Improve this question
Quoting from my lecture:
Note the clear borderline between user space and kernel space. User
programs cannot include kernel headers in their code and cannot call
kernel functions directly. In other words, your program can’t simply
call the sys_read() service function to read a file from the disk.
Similarly, kernel code does not call user-space functions like
printf(), does not include user-space header like <stdio.h> or
, and does not link against user-space libraries like libc.
The only gate to kernel mode (and OS services) that’s the user can use
is the syscall instruction as described above.
"User programs cannot include kernel headers" So when I write in my C program getpid() is this user-space function?

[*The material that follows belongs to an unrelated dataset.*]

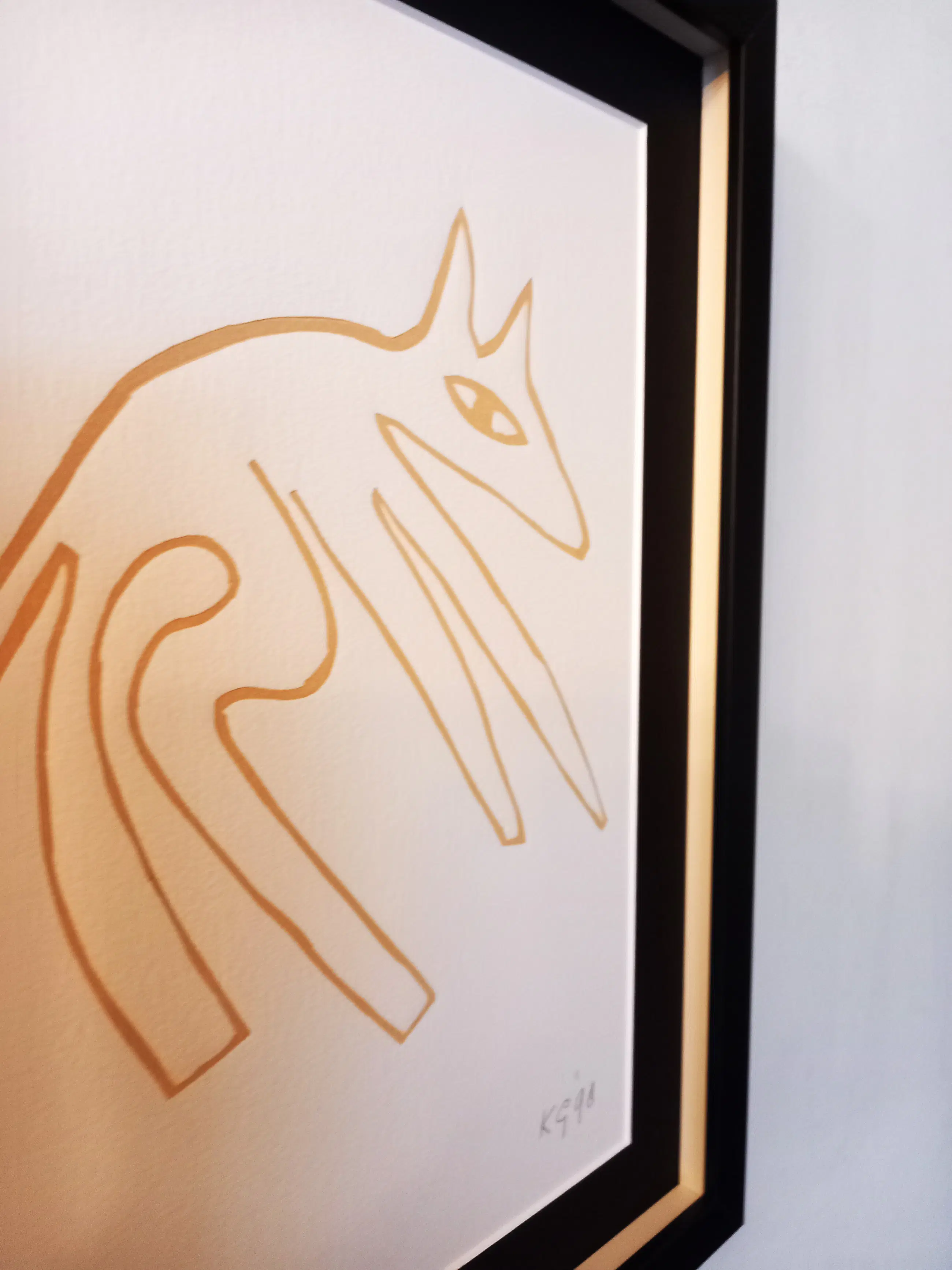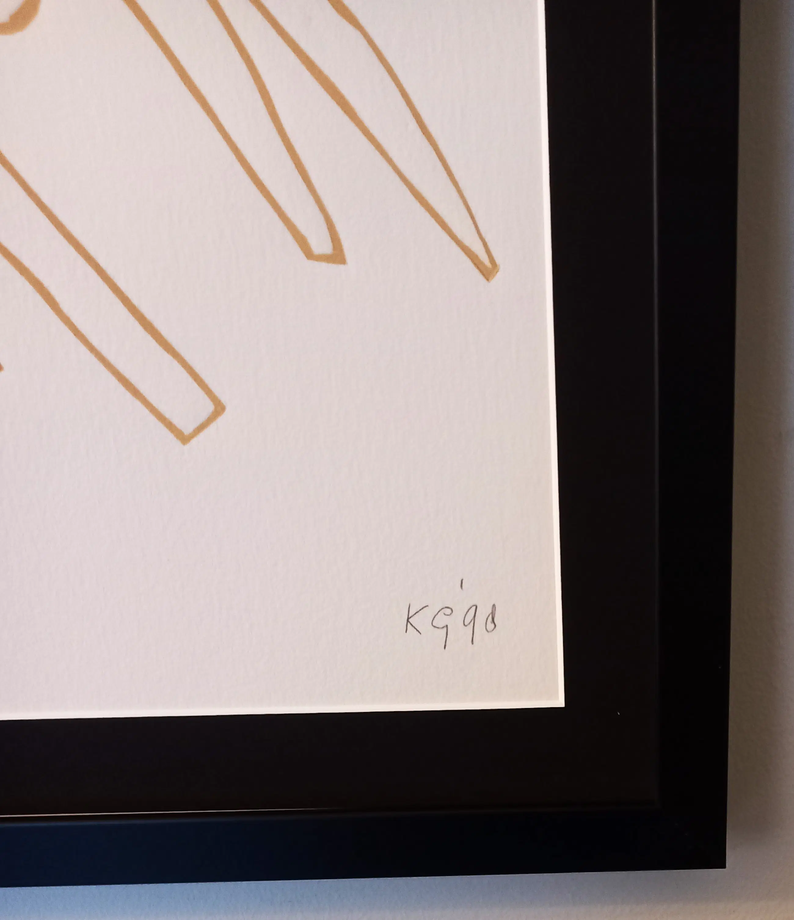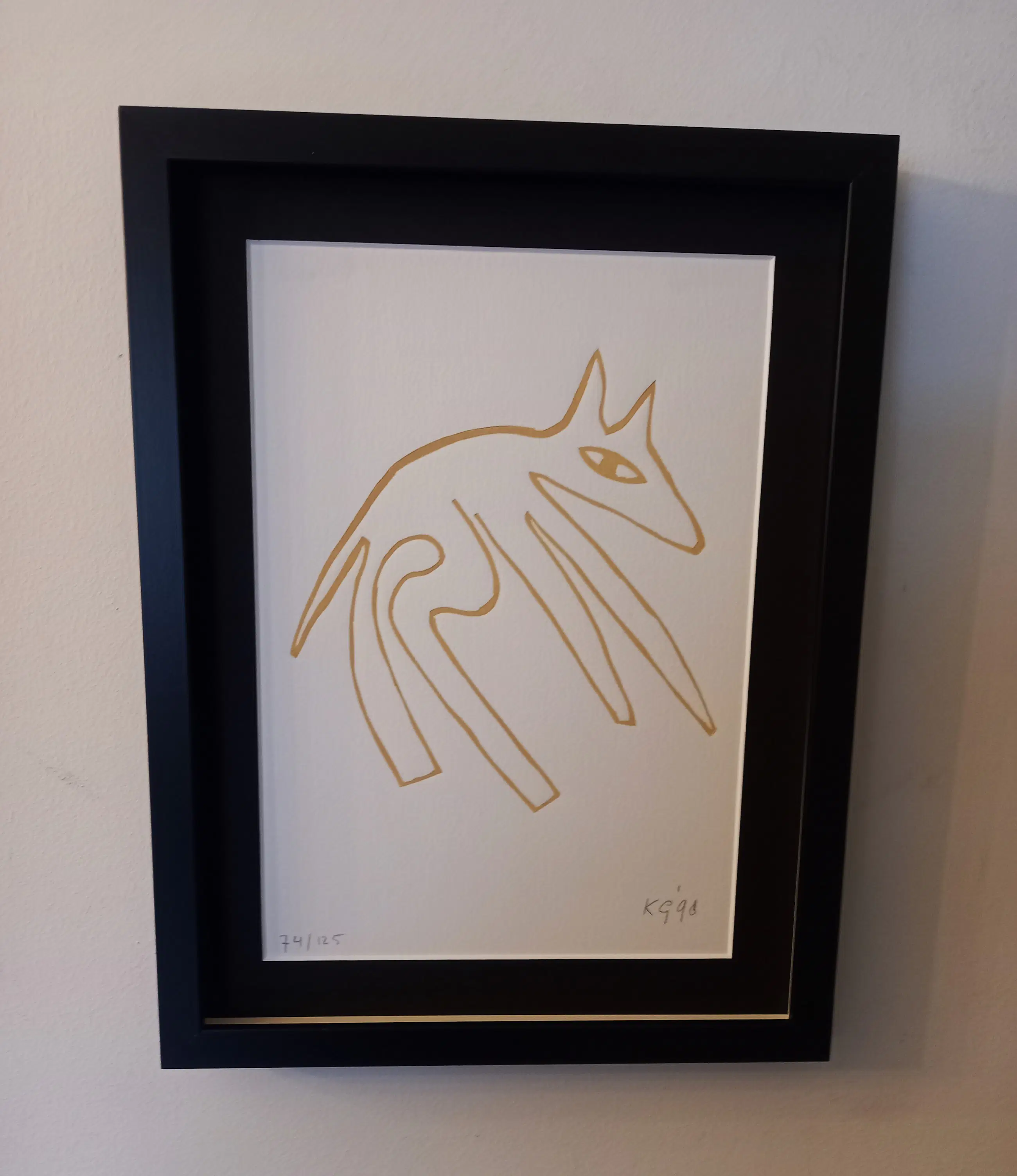 Fraaie linodruk in gelimiteerde oplage van Klaas Gubbels uit 1998, in perfecte staat. Het werk is geïnspireerd op de tekst 'Schuldige hond' van de schrijver Jan Siebeling. Gesigneerd K.G. en genummerd met potlood.

What about when I type getpid in terminal is it the same (use-space function)?
I can't access linux header files in my system /home/user/linux-4.15 , so how it's said user space can't access kernel space?

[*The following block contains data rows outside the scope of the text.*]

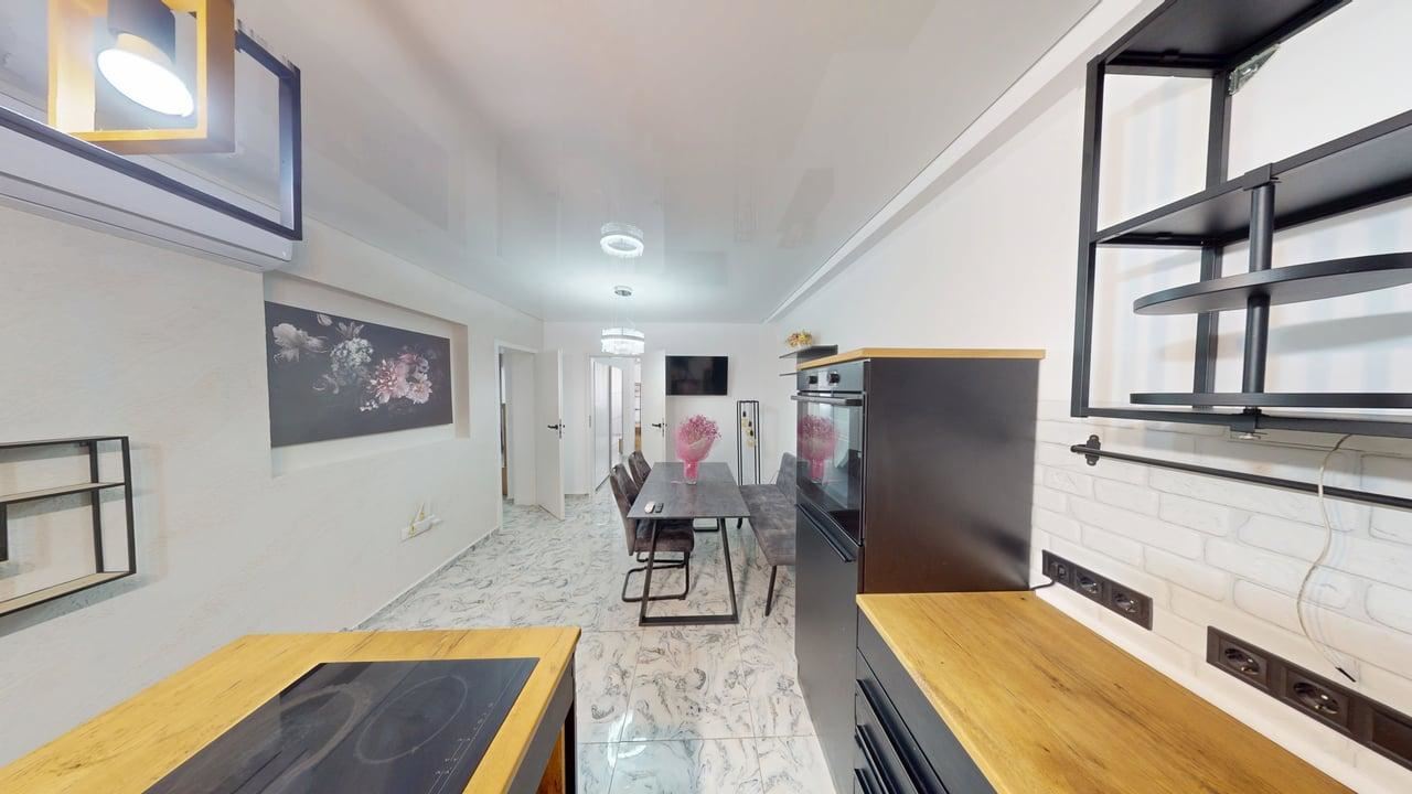 Byt je funkčně a prostorně uspořádán – obsahuje velký obývací prostor s oddělenou kuchyní, dvě pohodlné ložnice, moderní koupelnu a toaletu, a také dodatečné úložné prostory, které zajišťují pohodlí a komfort pro každého člena rodiny. Místnosti jsou světlé, a pečlivě zvolené barevné schéma a nové podlahy přidávají pocit čerstvosti a harmonie.
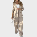 Flattering cut – wide legs visually elongate, while the blazer nicely shapes the silhouette.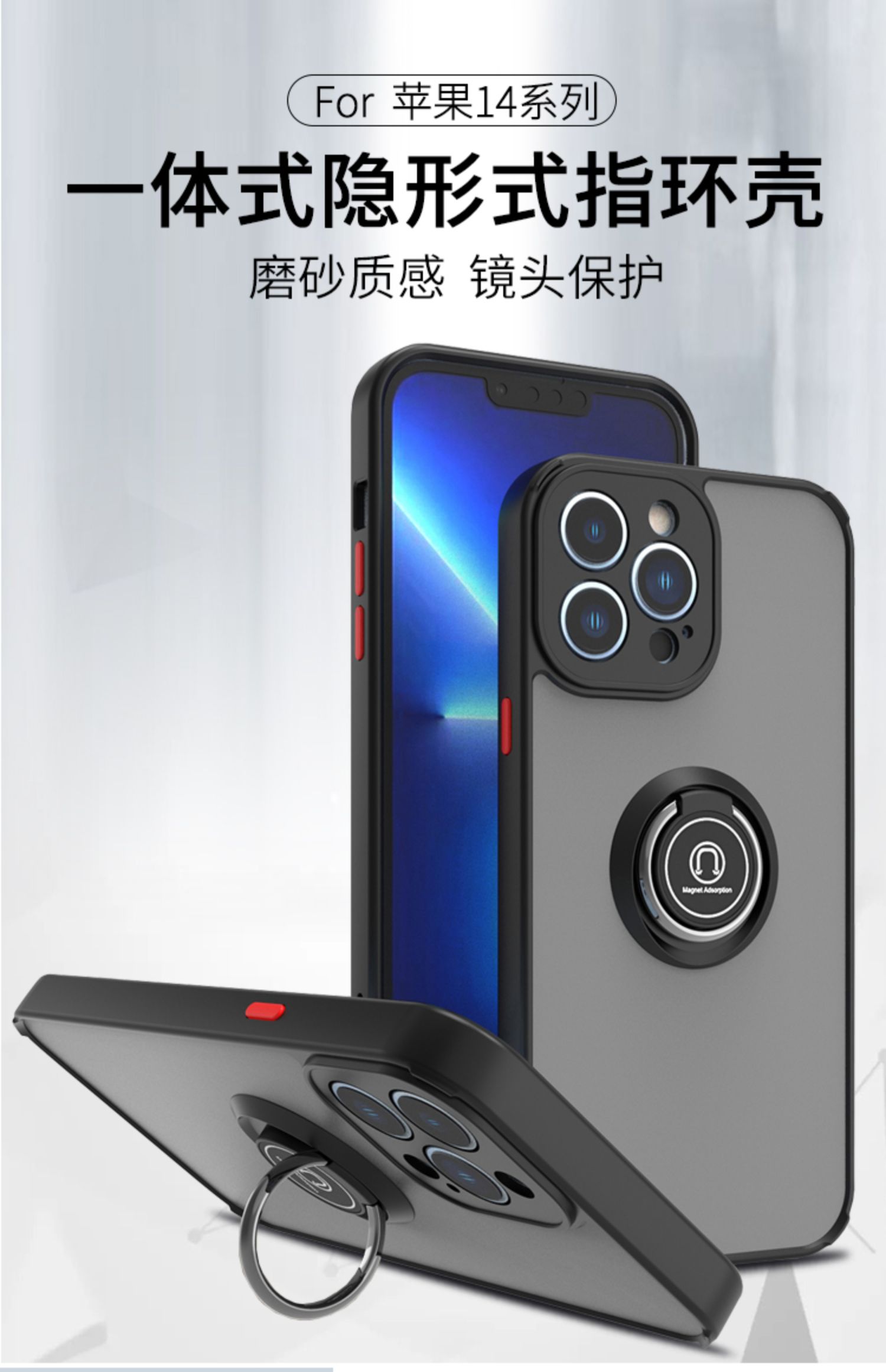 蘋果14手機殼指環扣iPhone15 Pro Max保護套磨砂13pro硅膠軟12promax新款11防摔超薄xr手環支架女男xsmax適用
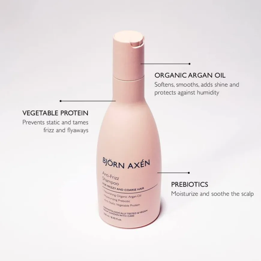 Anti-Frizz Shampoo er en shampoo som er utviklet for å møte behovene til frizzy og grovt hår som trenger ekstra næring og fuktighet. Den er beriket med økologisk arganolje, som mykner, glatter ut og gir håret glans, samtidig som det beskytter mot luftfuktighet. Prebiotika beroliger hodebunnen, mens vegetabilsk protein reduserer statisk elektrisitet og gjør håret mer håndterbart. Shampooen har en herlig orientalsk duft med noter av mandarin, ylang-ylang og vanilje, og passer spesielt for grovt og frizzy hår.

Given the following image:
I have opened some linux file (init/main.c) and saw:
static int run_init_process(const char *init_filename)
{
argv_init[0] = init_filename;
return do_execve(getname_kernel(init_filename),....
}
where is this do_execve declared? the image shows only execv and sys_execv... and what's the difference?
"User programs cannot include kernel headers" So when I write in my C program getpid() is this user-space function?
Yes. It is a thin wrapper in libc that calls the system call. But depending on the architecture and the libc implementation, there might be some bookkeeping in userspace (e.g. caching the result for future calls).
For many simple syscalls, glibc generates these wrappers with preprocessor macros. On my system, a userspace call to getpid goes to file sysdeps/unix/syscall-template.S:
0x00007ffff7ea6244 59 in ../sysdeps/unix/syscall-template.S
(gdb) disassemble
Dump of assembler code for function getpid:
0x00007ffff7ea6240 <+0>: endbr64
=> 0x00007ffff7ea6244 <+4>: mov $0x27,%eax
0x00007ffff7ea6249 <+9>: syscall
0x00007ffff7ea624b <+11>: retq
End of assembler dump.
which simply puts the syscall number in a register and executes a syscall instruction.
The reason we are using this wrapper is to avoid having to know the specifics of the syscall mechanism and number for different architectures and kernels. This makes our program more portable. The libc we link against knows that 0x27 is getpid on this system, and that it should be written into %eax etc.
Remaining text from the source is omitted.